Another grey Monday morning in Northern Ireland. Another week of tighter coronavirus restrictions. Infection rates are falling again so they are working but the worry is, once they are lifted, we will return to rising figures and soon be back to square one again. It’s frustrating and disheartening. We await a vaccine with bated breath but, for now, life cannot be as we want it to be. It’s hard to remain hopeful and positive on mornings like this.
I switch on the news and hear that police broke up a number of house parties in Belfast over the weekend. Fines were issued for violations of pandemic restrictions. It’s hard to fathom the thinking of such people who appear to have so little compassion for their fellow man. I’m not allowed to watch my kids play the sports they love but you can cram into a house with your mates and drink yourself into a stupor because you simply…don’t…care.
Do I care enough though? And I’m not talking coronavirus here. Do I care enough about my loved ones or am I simply a hypocrite, ranting about the selfishness of others when, in reality, I’m no better than them.

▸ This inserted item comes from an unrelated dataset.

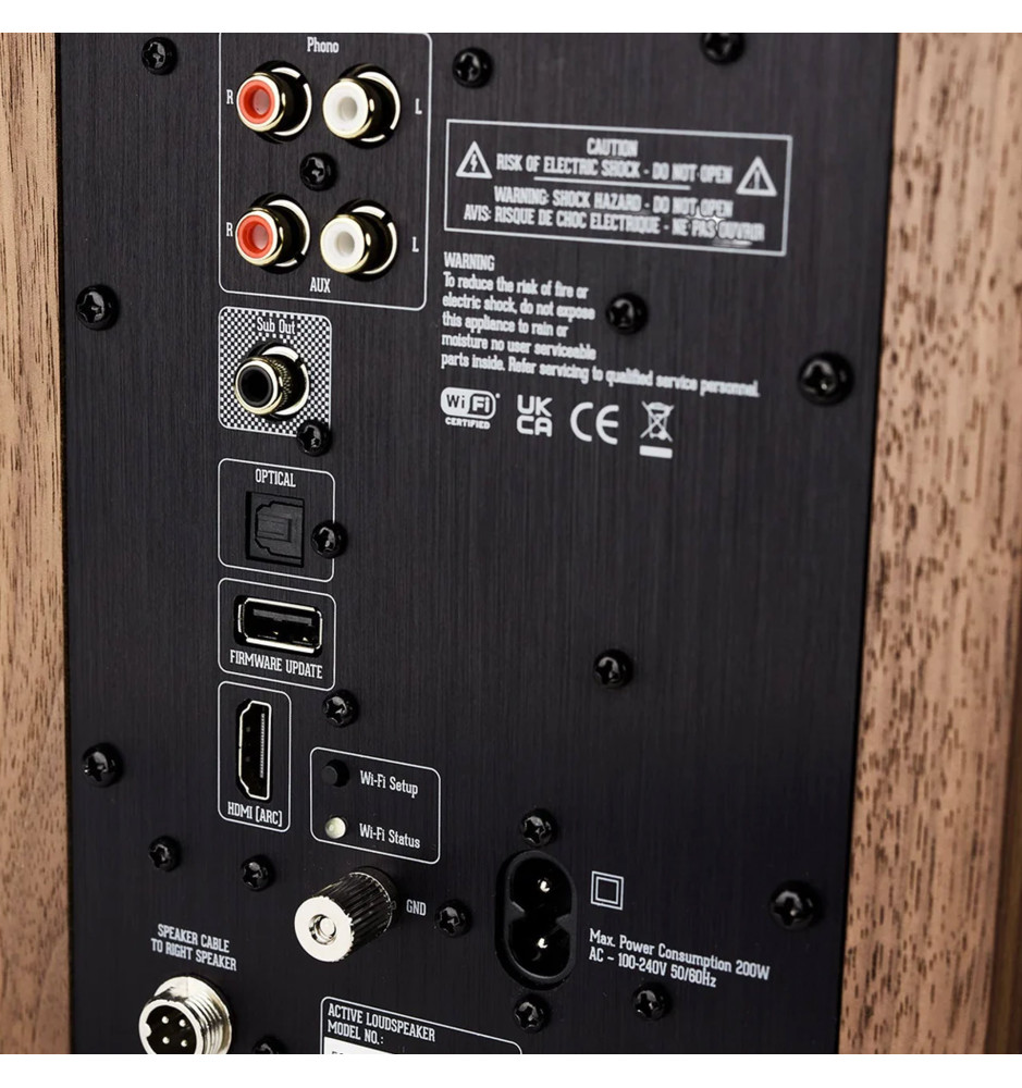 Forte A5 WiFi oferuje szeroką gamę złączy: HDMI ARC do podłączenia telewizora (z automatycznym włączaniem i sterowaniem pilotem TV), optyczne wejście cyfrowe, analogowe RCA, wejście gramofonowe (MM) oraz wyjście dla subwoofera. Dzięki temu z łatwością podłączysz telewizor, odtwarzacz CD, gramofon lub inne źródła dźwięku. To naprawdę uniwersalne kolumny do każdego rodzaju setupu.

I look in the mirror and often don’t like what I see. Others disappoint me but am I focusing on them in order to avoid the stark, brutal truth – that I’m no better than them and, if anything, I’m worse for jumping on my soap box and preaching about it.
My most popular historic tweets continue to be about my struggles with my faith. My mistrust of other Christians and issues with the organised church. Again I’m criticising others and deflecting the spotlight from my own failings. I have an urge to read the Bible, to add more faith based books to my ‘to be read’ list. I worry about writing word counts, not exercising enough and on and on it goes. Maybe I’m looking in the wrong place and the problem is much closer to home.